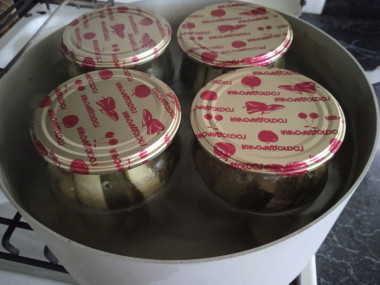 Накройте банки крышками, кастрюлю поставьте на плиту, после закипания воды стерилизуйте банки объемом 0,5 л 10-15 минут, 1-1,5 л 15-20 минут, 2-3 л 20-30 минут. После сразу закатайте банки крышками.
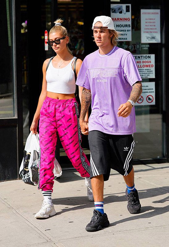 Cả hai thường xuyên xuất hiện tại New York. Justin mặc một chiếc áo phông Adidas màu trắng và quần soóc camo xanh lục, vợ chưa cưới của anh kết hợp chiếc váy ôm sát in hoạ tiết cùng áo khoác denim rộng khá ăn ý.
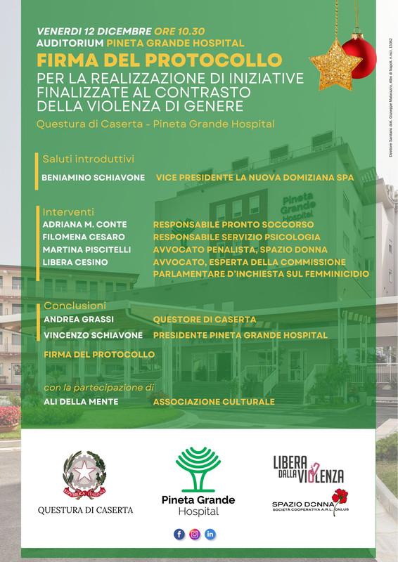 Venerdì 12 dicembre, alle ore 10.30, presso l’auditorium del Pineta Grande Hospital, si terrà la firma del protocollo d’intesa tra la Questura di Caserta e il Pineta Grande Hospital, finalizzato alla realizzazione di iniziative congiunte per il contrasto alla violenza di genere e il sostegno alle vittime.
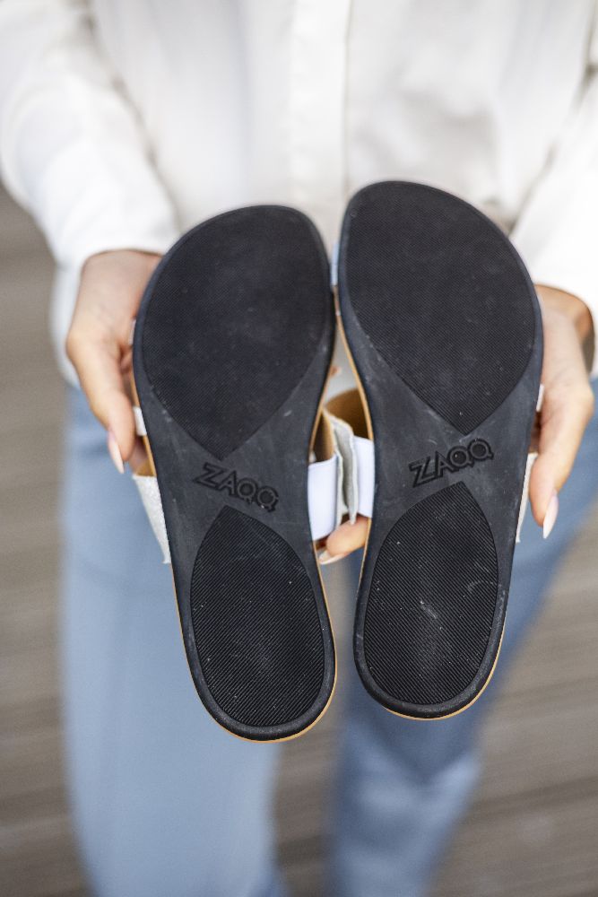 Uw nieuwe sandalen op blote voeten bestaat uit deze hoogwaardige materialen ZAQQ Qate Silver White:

--

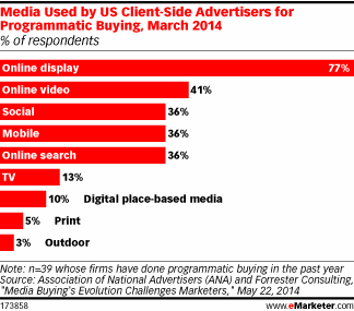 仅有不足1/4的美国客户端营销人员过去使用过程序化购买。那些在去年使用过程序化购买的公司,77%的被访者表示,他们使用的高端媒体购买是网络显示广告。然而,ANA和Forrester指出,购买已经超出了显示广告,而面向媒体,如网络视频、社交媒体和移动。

■ **Exercise details**: From the material above, output only the span of lines that starts at the one containing "Venerdì 12 dicembre, alle" and finishes at the one containing "Uw nieuwe sandalen", word for word and free of pictures.

■ **Written solution**:
 Venerdì 12 dicembre, alle ore 10.30, presso l’auditorium del Pineta Grande Hospital, si terrà la firma del protocollo d’intesa tra la Questura di Caserta e il Pineta Grande Hospital, finalizzato alla realizzazione di iniziative congiunte per il contrasto alla violenza di genere e il sostegno alle vittime.
 Uw nieuwe sandalen op blote voeten bestaat uit deze hoogwaardige materialen ZAQQ Qate Silver White:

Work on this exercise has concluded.